Top of THE INPUT

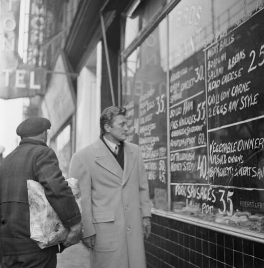 The Bowery--Actor Kirk Douglas Tours the City [Sammy's Bowery Follies.]
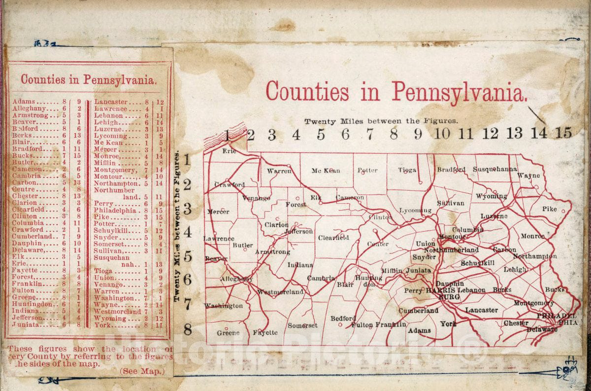 • .Historic Wall Map : Counties in Pennsylvania. Larrance's Post Office Chart, and maps of Ten States, 1866 Atlas - Vintage Wall Art
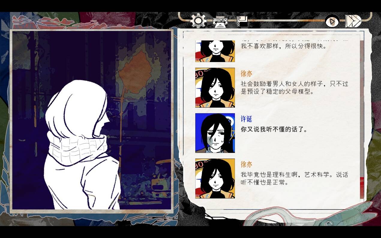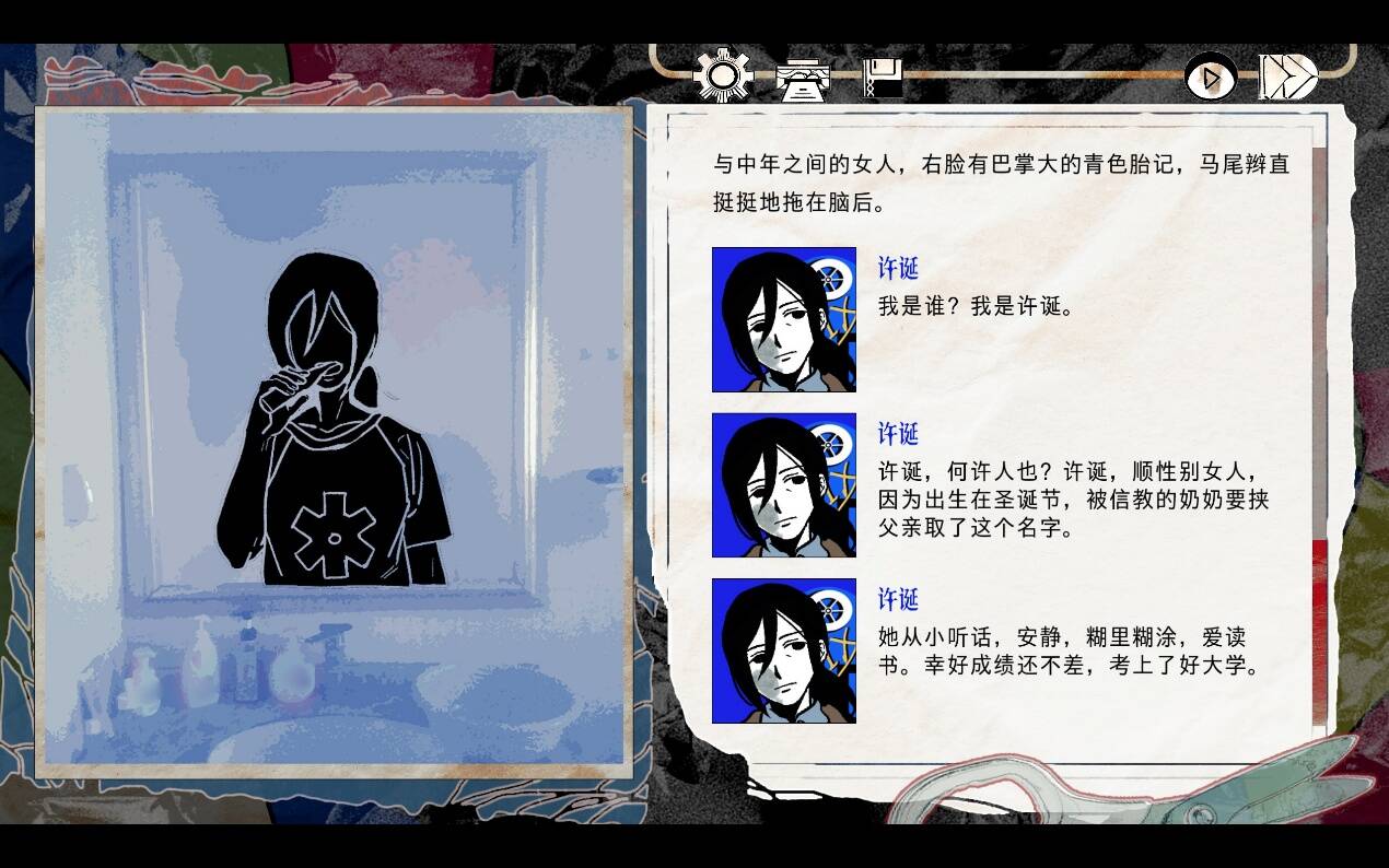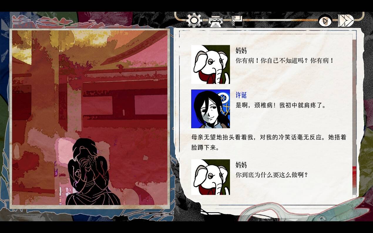 如果说同工作室的前一个作品《洞石火》还在讨论一个就事论事,甚至带有宗教、幻想色彩的故事,那么《颈椎病》就是干脆地尝试把现实生活中的“刺痛”用简短的、标签化的角色快速的呈现在玩家面前。无论是作品中反复变化的描述口气,还是不同线路中角色的故事线,与其说作者在讲述许诞等人的生活,不如说在引导玩家代入到某些角色本身的轨迹中去——然而正如创作者自己所说:
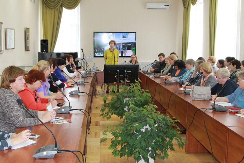 Открыла встречу директор библиотеки имени Горького Н.Н. Гришина. В своем выступлении она рассказала об основных направлениях работы библиотеки, о социальной роли библиотек в современном обществе, важности постоянного профессионального развития специалистов сферы культуры, о грантовой поддержке социально ориентированных некоммерческих организаций – партнеров библиотеки.
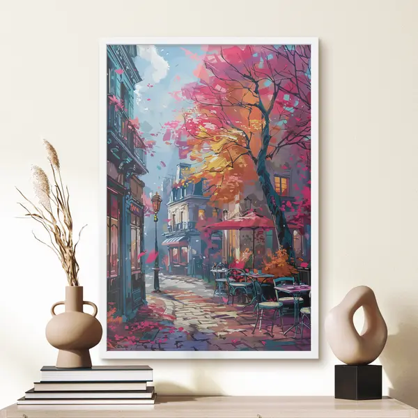 Poster Eine bezaubernde Herbstszene auf der Straße entfaltet sich wunderschön Nr f37459
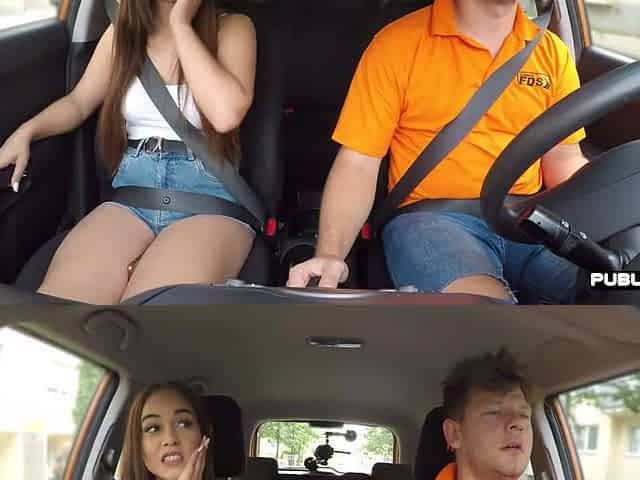 Fake driving school class turned into lustful fucking in a car
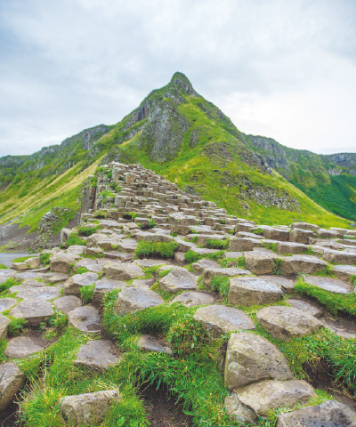 巨人堤道:得名自北愛爾蘭著名的傳說,1986年被列為世界自然遺產。四萬多塊的玄武岩柱綿延八公里,從懸崖邊形成階梯狀一直通往到海裡。
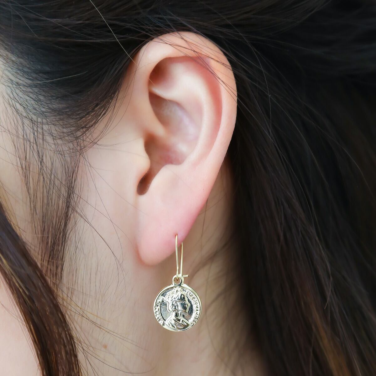 キドニーフックピアス レディース サージカルステンレス製 金属アレルギー ニッケルフリー エリザベス女王 コイン 彫刻 アンティーク風 ビンテージ風 古銭 金貨 ペソ お洒落 シンプル 大人 カジュアル シルバー ゴールド 誕生日 記念日 プレゼント ギフト メール便送料無料
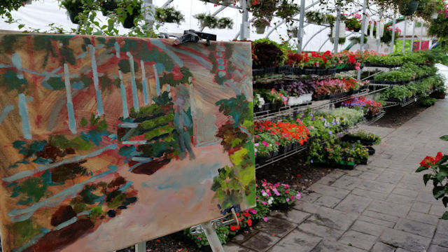 Plein Air Painting at the garden center. Oil on canvas, 12 x 16. Kit Miracle
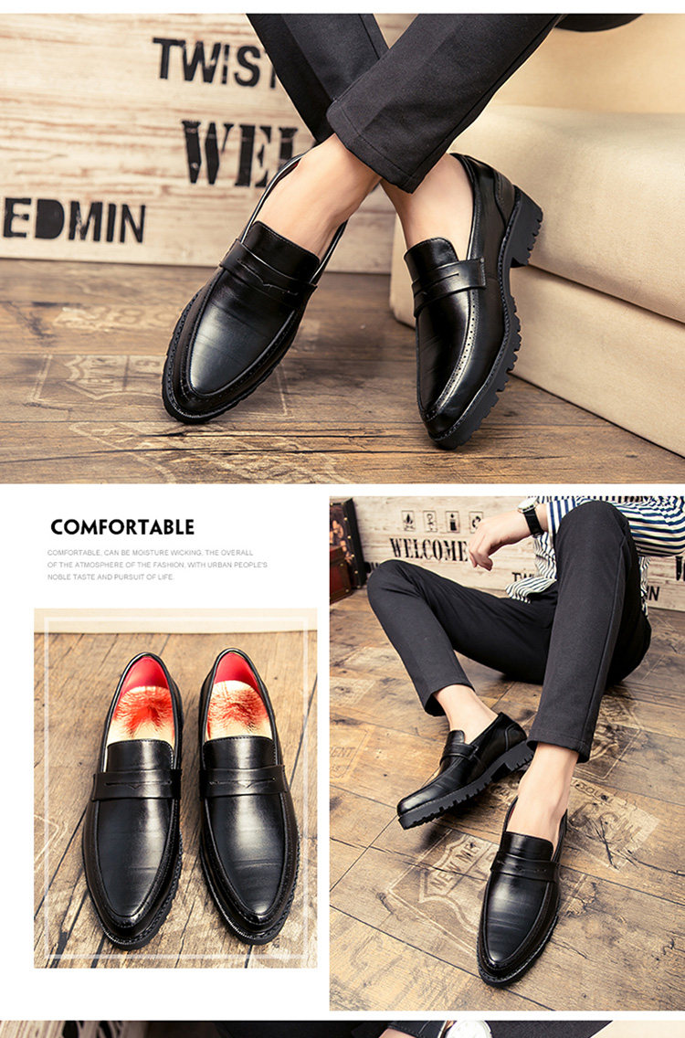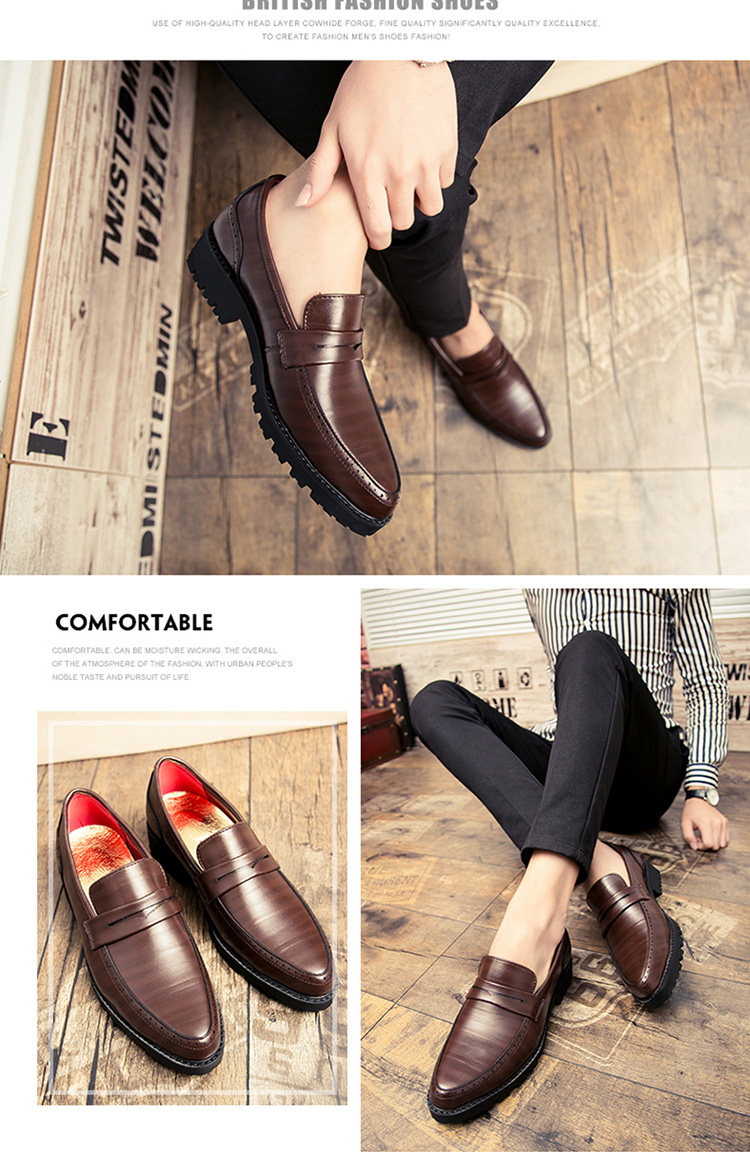 懒人皮鞋英伦潮流一脚蹬休闲皮鞋百搭尖头商务正装夜店发型师松糕
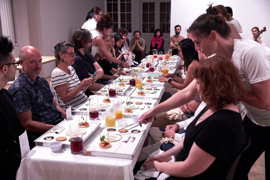 a 90 minute 9-dish progression in 3 acts by 10 Artists of the Institute performed by 7 servers and 1 musician for 32 diners with accompanying cookbook of 7-12 recipes, 3 essays, and assorted diagrams.
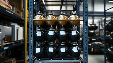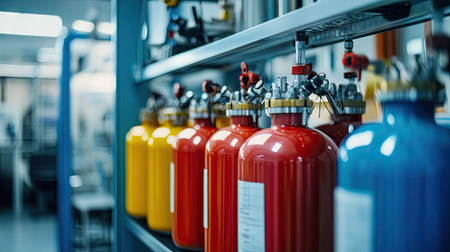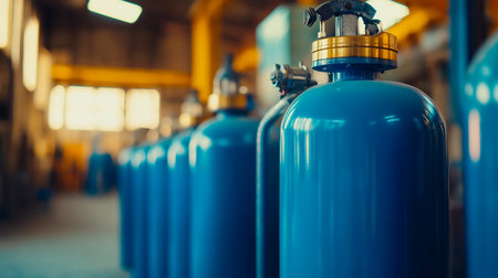 A row of industrial gas storage cylinders, showcasing modern design and functionality in a professional facility. Ideal for applications in various industries and environments.
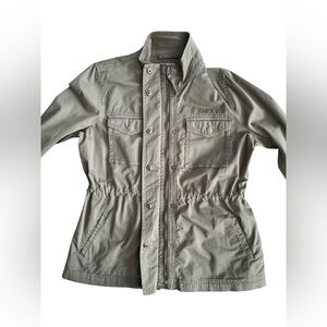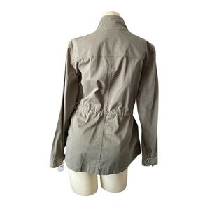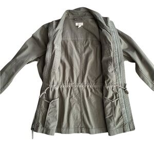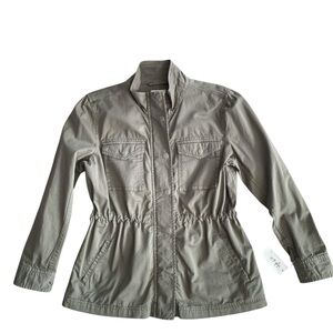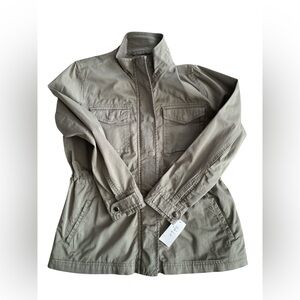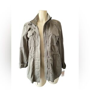 Style & Co women's twill utility jacket in olive drab, size small. Brand new with original tag. Stylish utility jacket with front pockets and button details. Pull string inside and pockets. Zipper up. Can pull drawstrings tight for more flattering fit or loosen or more loose fit. Snaps on cuffs to roll up. Love this jacket but already have two. Chic utility jacket with a drawstring waist. Features a high collar and front pockets. Ideal for casual outings. Measurements (approximate while lying flat - see attached photos). Please double check the measurements as there are no returns. No holds. Smoke free home. Please see my pictures for details color and condition as they are part of my description. What you see is what you’ll get. Color and appearance may vary depending on your monitor settings. Available as long as post is still up. ***PLEASE REMEMBER POSH TAKES 20% OF ALL SALES*** . ALL SALES ARE FINAL. NO RETURNS. PLEASE ASK ALL QUESTIONS BEFORE PURCHASING. NOTE: All items to be shipped are videotaped pre-packing and during packing for protection of Buyer and Seller. Mannequin is size small for reference.

Bottom of THE INPUT

## YOUR TASK
Each record above must be set down again unchanged, with its pictures left out.

## SOLUTION TO THIS PROBLEM
 The Bowery--Actor Kirk Douglas Tours the City [Sammy's Bowery Follies.]
 • .Historic Wall Map : Counties in Pennsylvania. Larrance's Post Office Chart, and maps of Ten States, 1866 Atlas - Vintage Wall Art
 如果说同工作室的前一个作品《洞石火》还在讨论一个就事论事,甚至带有宗教、幻想色彩的故事,那么《颈椎病》就是干脆地尝试把现实生活中的“刺痛”用简短的、标签化的角色快速的呈现在玩家面前。无论是作品中反复变化的描述口气,还是不同线路中角色的故事线,与其说作者在讲述许诞等人的生活,不如说在引导玩家代入到某些角色本身的轨迹中去——然而正如创作者自己所说:
 Открыла встречу директор библиотеки имени Горького Н.Н. Гришина. В своем выступлении она рассказала об основных направлениях работы библиотеки, о социальной роли библиотек в современном обществе, важности постоянного профессионального развития специалистов сферы культуры, о грантовой поддержке социально ориентированных некоммерческих организаций – партнеров библиотеки.
 Poster Eine bezaubernde Herbstszene auf der Straße entfaltet sich wunderschön Nr f37459
 Fake driving school class turned into lustful fucking in a car
 巨人堤道:得名自北愛爾蘭著名的傳說,1986年被列為世界自然遺產。四萬多塊的玄武岩柱綿延八公里,從懸崖邊形成階梯狀一直通往到海裡。
 キドニーフックピアス レディース サージカルステンレス製 金属アレルギー ニッケルフリー エリザベス女王 コイン 彫刻 アンティーク風 ビンテージ風 古銭 金貨 ペソ お洒落 シンプル 大人 カジュアル シルバー ゴールド 誕生日 記念日 プレゼント ギフト メール便送料無料
 Plein Air Painting at the garden center. Oil on canvas, 12 x 16. Kit Miracle
 懒人皮鞋英伦潮流一脚蹬休闲皮鞋百搭尖头商务正装夜店发型师松糕
 a 90 minute 9-dish progression in 3 acts by 10 Artists of the Institute performed by 7 servers and 1 musician for 32 diners with accompanying cookbook of 7-12 recipes, 3 essays, and assorted diagrams.
 A row of industrial gas storage cylinders, showcasing modern design and functionality in a professional facility. Ideal for applications in various industries and environments.
 Style & Co women's twill utility jacket in olive drab, size small. Brand new with original tag. Stylish utility jacket with front pockets and button details. Pull string inside and pockets. Zipper up. Can pull drawstrings tight for more flattering fit or loosen or more loose fit. Snaps on cuffs to roll up. Love this jacket but already have two. Chic utility jacket with a drawstring waist. Features a high collar and front pockets. Ideal for casual outings. Measurements (approximate while lying flat - see attached photos). Please double check the measurements as there are no returns. No holds. Smoke free home. Please see my pictures for details color and condition as they are part of my description. What you see is what you’ll get. Color and appearance may vary depending on your monitor settings. Available as long as post is still up. ***PLEASE REMEMBER POSH TAKES 20% OF ALL SALES*** . ALL SALES ARE FINAL. NO RETURNS. PLEASE ASK ALL QUESTIONS BEFORE PURCHASING. NOTE: All items to be shipped are videotaped pre-packing and during packing for protection of Buyer and Seller. Mannequin is size small for reference.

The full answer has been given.